How to handle rowspan and colspan while scraping a Table using R(如何在使用R刮取表时处理行跨度和列跨度)

转载作者：bug小助手更新时间：2023-10-28 20:58:39

I am trying to scrape data from table (HTML pasted below):

我正在尝试从表中抓取数据(粘贴在下面的HTML)：

I tried to use below code, but it does not return the contents as required.

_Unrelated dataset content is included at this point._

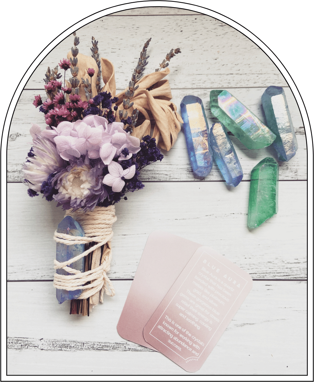 These gorgeous on trend handmade flower wands with blue aura crystal will be a perfect additional to your gifting experience. Blue Aura is a quartz crystal that has been bonded with precious metals like platinum, gold, and silver which gives it an iridescent glow. These gorgeous blue gems are great for stress relief their energy is super calming, cooling and soothing. The flower wands are not designed for burning or smudging but to be kept in area of your home or office space. Your flower wand comes with a cute unbranded blue aura crystal meaning card and is made out of dried lavender so they smell amazing too!

It merges all names in one for the rows (where rowspan is mentioned). Refer Table1 below.

我尝试使用下面的代码，但它没有按要求返回内容。它将各行的所有名称合并为一个(其中提到了rowspan)。请参阅下面的表1。

This table does have structural issues as it is using br tags. Could someone please help me to get a table with values mapped properly to all items. (Like Table 2)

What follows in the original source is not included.